═══ The data

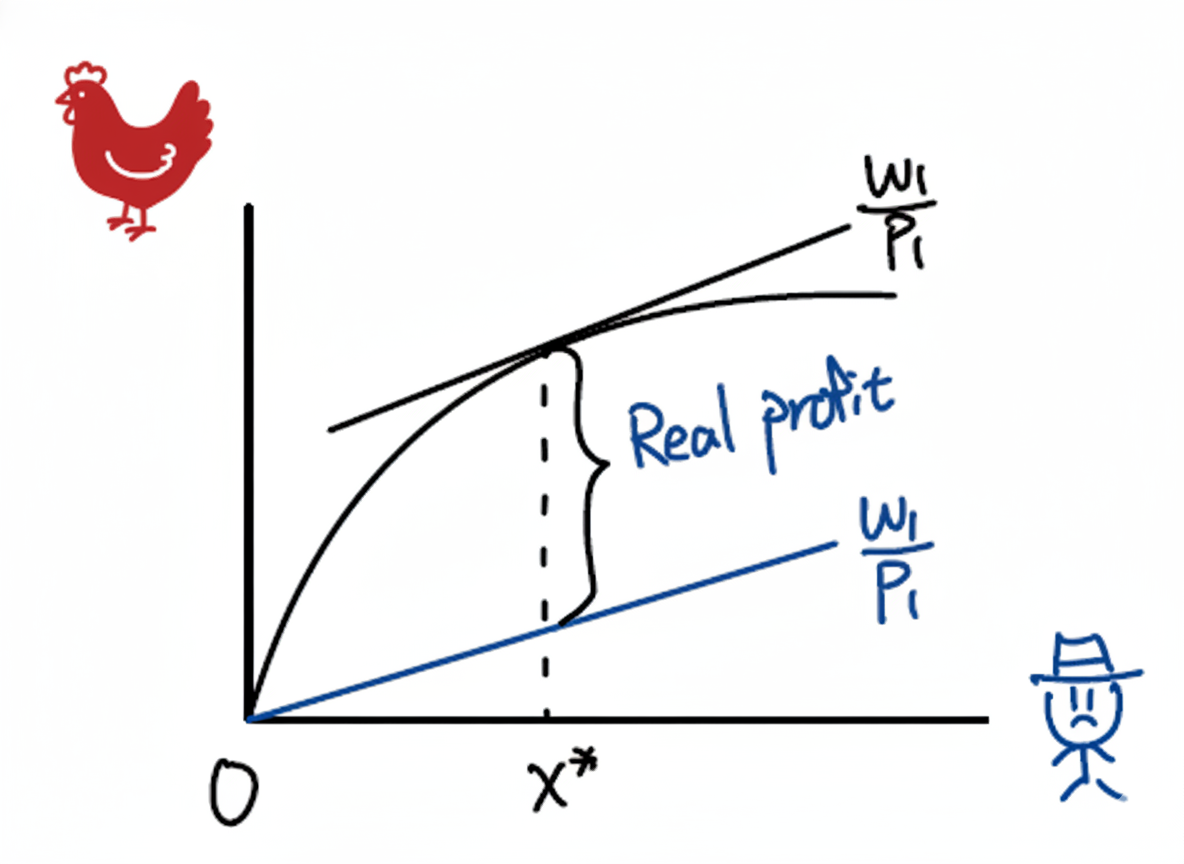 比如,一只鸡20元,小时工工资30元/小时。我们发现,多请一个小时工,他能额外多养2只鸡(\(MP_1=2\))。那么他创造的边际产品价值就是 \(20 \times 2 = 40\) 元。因为40元比30元工资高,所以请他来是划算的,能增加总利润!我们就会继续请人。但是您知道,鸡舍人一多就乱,效率会下降(边际产品递减)。当我们请到某个人时,他一小时只能额外多养1.5只鸡,那他创造的价值就是 \(20 \times 1.5 = 30\) 元,正好等于他的工资。好了,就到此为止,再多请人就不划算了。这时候,咱们的利润就最大了。
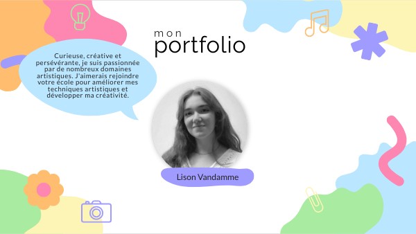 Curieuse, créative et persévérante, je suis passionnée par de nombreux domaines artistiques. J'aimerais rejoindre votre école pour améliorer mes techniques artistiques et développer ma créativité.
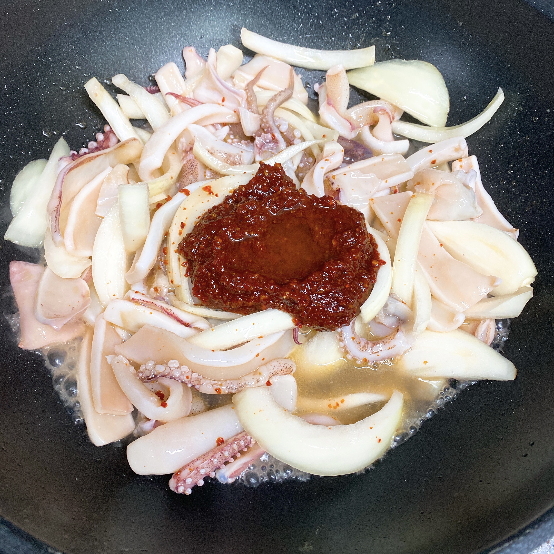 양파가 노릇해지고 오징어가 슬슬 하얘질때까지 재료들을 볶아주세요.

══════

* [Work to be completed]
Give again, word for word, the lines above from the first one through the one containing "Curieuse, créative et"; no pictures.

* [Output of the exercise]
 比如,一只鸡20元,小时工工资30元/小时。我们发现,多请一个小时工,他能额外多养2只鸡(\(MP_1=2\))。那么他创造的边际产品价值就是 \(20 \times 2 = 40\) 元。因为40元比30元工资高,所以请他来是划算的,能增加总利润!我们就会继续请人。但是您知道,鸡舍人一多就乱,效率会下降(边际产品递减)。当我们请到某个人时,他一小时只能额外多养1.5只鸡,那他创造的价值就是 \(20 \times 1.5 = 30\) 元,正好等于他的工资。好了,就到此为止,再多请人就不划算了。这时候,咱们的利润就最大了。
 Curieuse, créative et persévérante, je suis passionnée par de nombreux domaines artistiques. J'aimerais rejoindre votre école pour améliorer mes techniques artistiques et développer ma créativité.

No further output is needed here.